I would have to say no. But then again, I could be wrong.

My good, old (we're both "old" now aren't we?) friend Tom Davis criticized my post suggesting that we prohibit the issuance of visas to "any male between the ages of 18-50 from any Arab nation during wartime." Tom said that my suggestion "This smacks of racist, xenophobic pap. I understand the frustration, but geez man."

Now, Tom is an extremely intelligent guy (his wife says he's not bad-looking either -- I would't know) and I respect his opinion. After re-reading my post and poking around the Immigration and Naturalization Service's Web site, I would like to revise and extend my remarks. These clarifications may or may not assuage some of Davis' concerns, but are unlikely lower Hauser's blood pressure. (I am seriously concerned about this guy. That much angst and outrage can't be healthy.)

We need to use our brains and common sense.
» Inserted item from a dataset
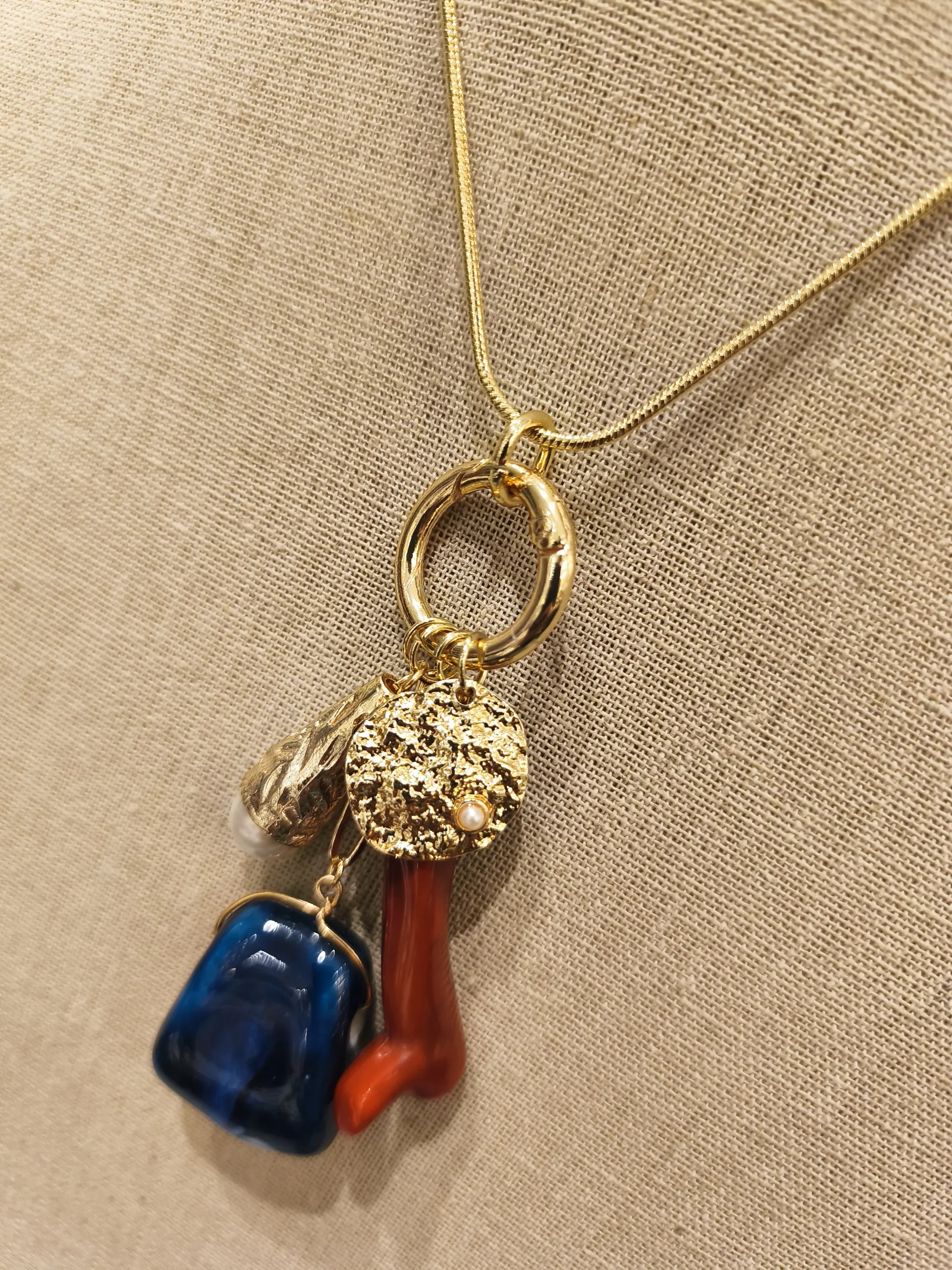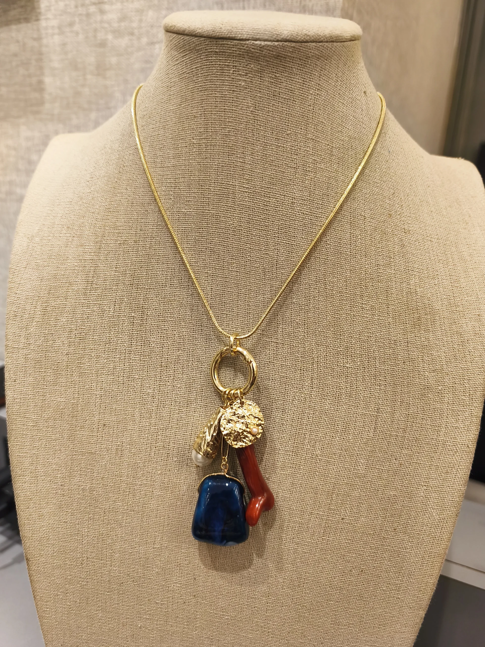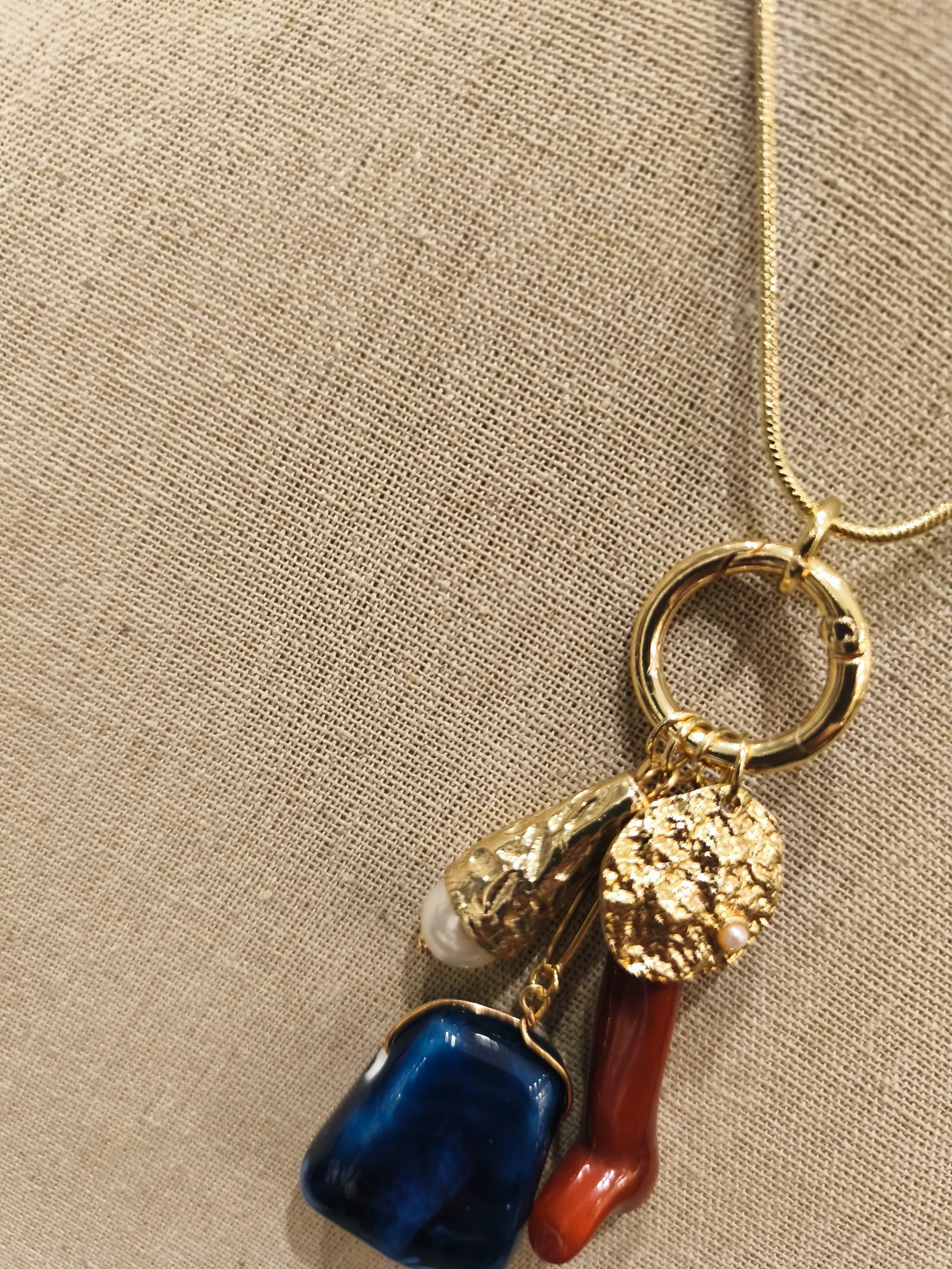Este colar dourado com pingentes de resina 💫✨ é um verdadeiro amuleto de estilo e elegância. A corrente fina e delicada traz leveza e equilíbrio, enquanto o conjunto de pingentes — com pedras em resina azul profundo 💙, coral vermelho 🍂 e detalhes dourados reluzentes 🌟 — cria uma composição cheia de personalidade. O contraste entre as cores vibrantes e o brilho do metal adiciona movimento e charme à peça, perfeita para mulheres que gostam de acessórios versáteis, que unem sofisticação e um toque artesanal.

In an effort not to appear racist, security personnel at airport terminals have taken to strip-searching a congressman, threatened to confiscate a war hero's Medal of Honor because it might be used as a weapon, and tossed former Vice President Al Gore's luggage. While security is worried about a disgruntled former presidential candidate, they're not necessarily checking that 22-year-old Arab Muslim wearing the "I love al Qaeda" T-shirt, because that would be racial profiling (aka racism).

I'm sorry, but if you look at the pictures of the Sept. 11 hijackers, they don't look like they popped out of Benneton ad. They're all young, Arab men. I didn't choose them. Asking airport screeners, or those who issue visas, to be willfully ignorant of the dangers some of these men pose is dangerous.
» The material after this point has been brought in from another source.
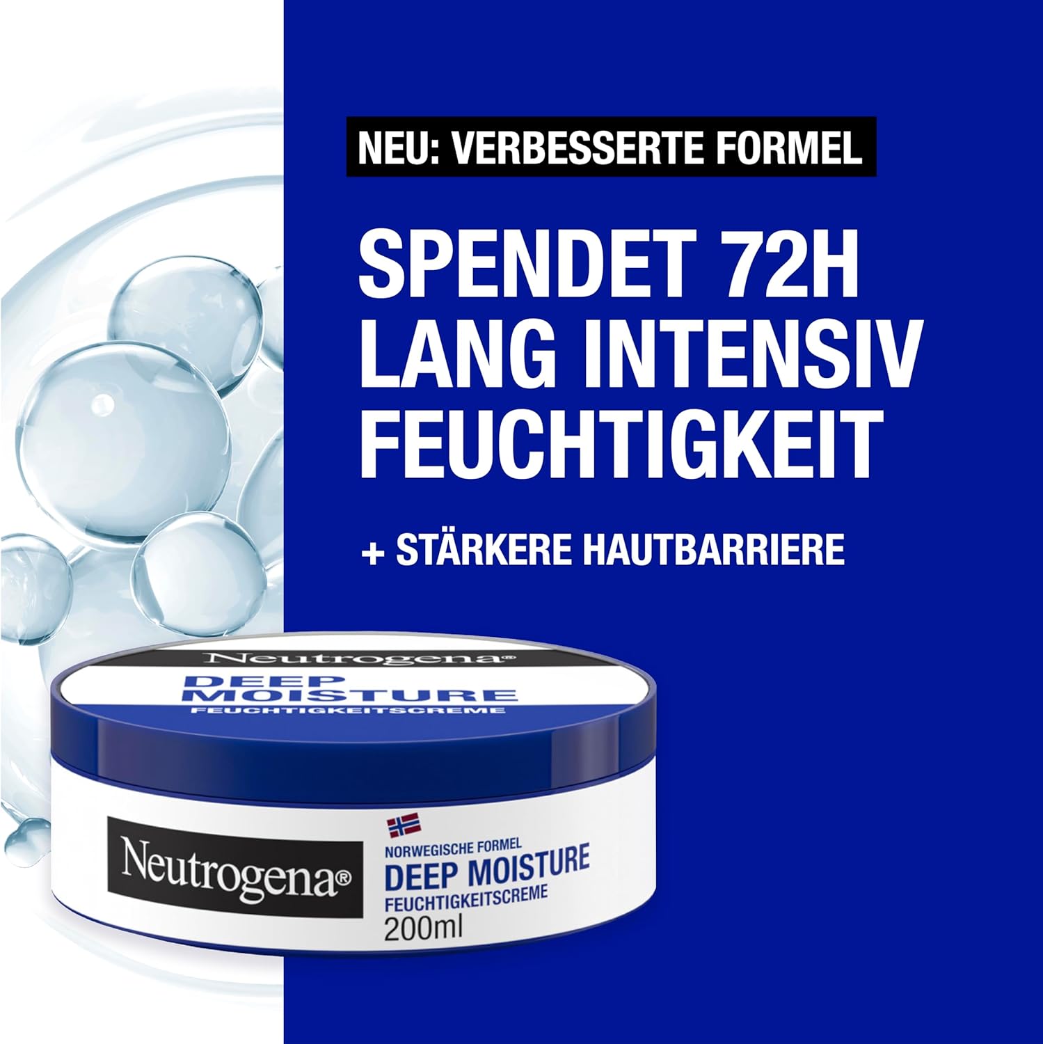 De Neutrogena Noorse formule Deep Moisture vochtinbrengende crème voor droge huid is een niet-vette crème, die wetenschappelijk bewezen de huidbarrière versterkt en 72 uur lang intensief hydrateert. De nieuwe Pro-Ceramide-technologie versterkt op innovatieve wijze de essentiële ceramide van de huid om droge huid van vocht te voorzien en te versterken. De huidcrème is dankzij de zeer verdraagbare formule ook geschikt voor de gevoelige huid
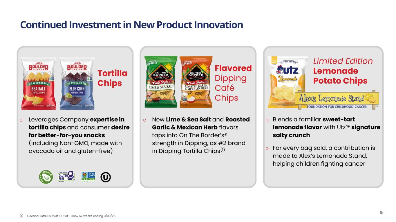 Boulder Canyon® Outperforming the Category in Natural and Traditional Channels 17 Total Salty Category 2.7% 41.7% Total Salty Category -1.7% 158.3% 1Q’25 Retail Sales Growth SPINS(2) (Natural Channel) Circana MULO+ w/ Convenience(5) (Traditional Channels) Retail sales are Circana Total US MULO+ w/convenience and SPINS Total US – Natural Expanded Channel. Circana is Custom Utz Brands hierarchy, 13-weeks ended 3/30/25; % YoY growth compared to the 13-weeks ended 3/31/24 period in the prior year on a pro forma basis. SPINS is TPL 12-weeks ended 3/23/2025; % YoY growth compared to the 12-weeks ended 3/24/24 period in the prior year on a pro forma basis. (1) 5.25oz Avocado Oil Classic Sea Salt Kettle Potato Chips. (2) Total Natural Channel Spins YTD ended 3/23/25. (3) Circana Total US MULO+ w/ convenience L13W ended 3/30/25. (4) Referencing units / store / week and dollar / store / week. (5) Circana Total US MULO+ w/ convenience, custom Utz Brands hierarchy, L13W ended 3/30/25. o Brand’s better-for-you characteristics and bold taste profile are resonating with consumers o Boulder Canyon has the #1 selling Salty Snack SKU(1) in the Natural Channel over the latest 13 and 52 weeks(2) o #1 Potato Chip Brand in Total US Natural Channel(2) o Growing Retail Distribution outside Natural with +52% more TPDs in MULO+ w/ convenience(3) o Growing Velocity with +62% increase in units and 94% increase in dollars in MULO+ w/ convenience(3),(4)

Tom referred to Timothy McVeigh as an example of why my proposed visa ban was wrong. After all, McVeigh was an American terrorist (a visa ban wouldn't have stopped him, but that's beside the point). Tom suggested that we need to worry about white males between the ages of 18-50. Well, if someone who looks like me goes out and buys a couple of tons of fertilizer -- and doesn't own a farm -- then I think someone should tip off the FBI. Once again, I think we need to use common sense.

However, I will disagree with Tom on one point. White supremacist militias are a very small, but violent, minority in America. Hatred of America (and Israel) in most Arab countries is rampant.
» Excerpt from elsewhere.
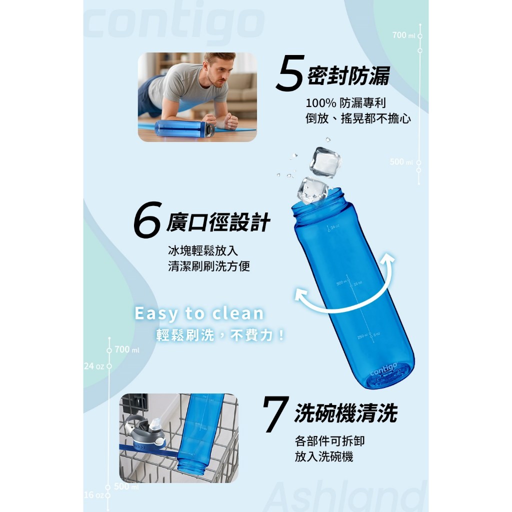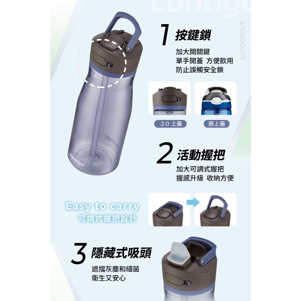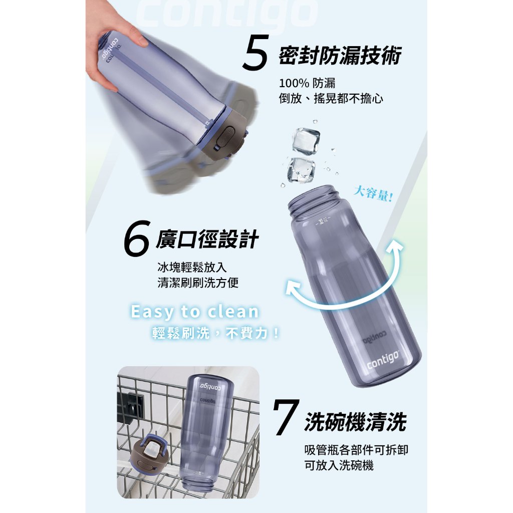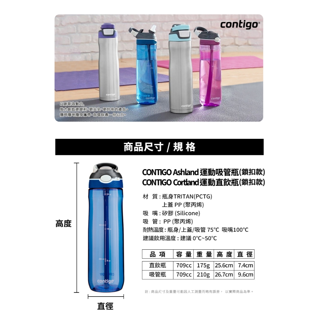 【美國CONTIGO】買1送1_Tritan防漏彈蓋吸管瓶 直飲瓶709ml|台灣總代理 運動水瓶 水壺 吸嘴吸管瓶+吸管瓶|吸管瓶+直飲瓶|直飲瓶+直飲瓶Fitness EquipmentBUFFALO牛頭牌炊具 官方旗艦店

Shortly after the Sept. 11 attacks, a San Diego State University student overheard some Saudi students at the school praising the attacks in Arabic. He challenged them on it -- and was subsequently censured by the campus for "hate speech." Remember, 15 of the 19 Sept. 11 hijackers were Saudis.

Are there Arabs out there that are peaceful, America-loving (or at least America-neutral) people? Sure. My contention is that it is much too difficult to separate them from the ones that want to kill Americans.

You can disagree with me, but I think that a ban is a relatively minor step. I'm not talking about locking up every Arab or Muslim in the United States, like we did with the Japanese during World War II. I think that that was wrong then and would be wrong today. But I think it is fiction that most Arabs Muslims are good people. Is that racist? You could argue that it is, but I don't think that they're any less human than whites or blacks or asians. According to the American Heritage Dictionary racism is: "The belief that race accounts for differences in human character or ability and that a particular race is superior to others." I don't believe that.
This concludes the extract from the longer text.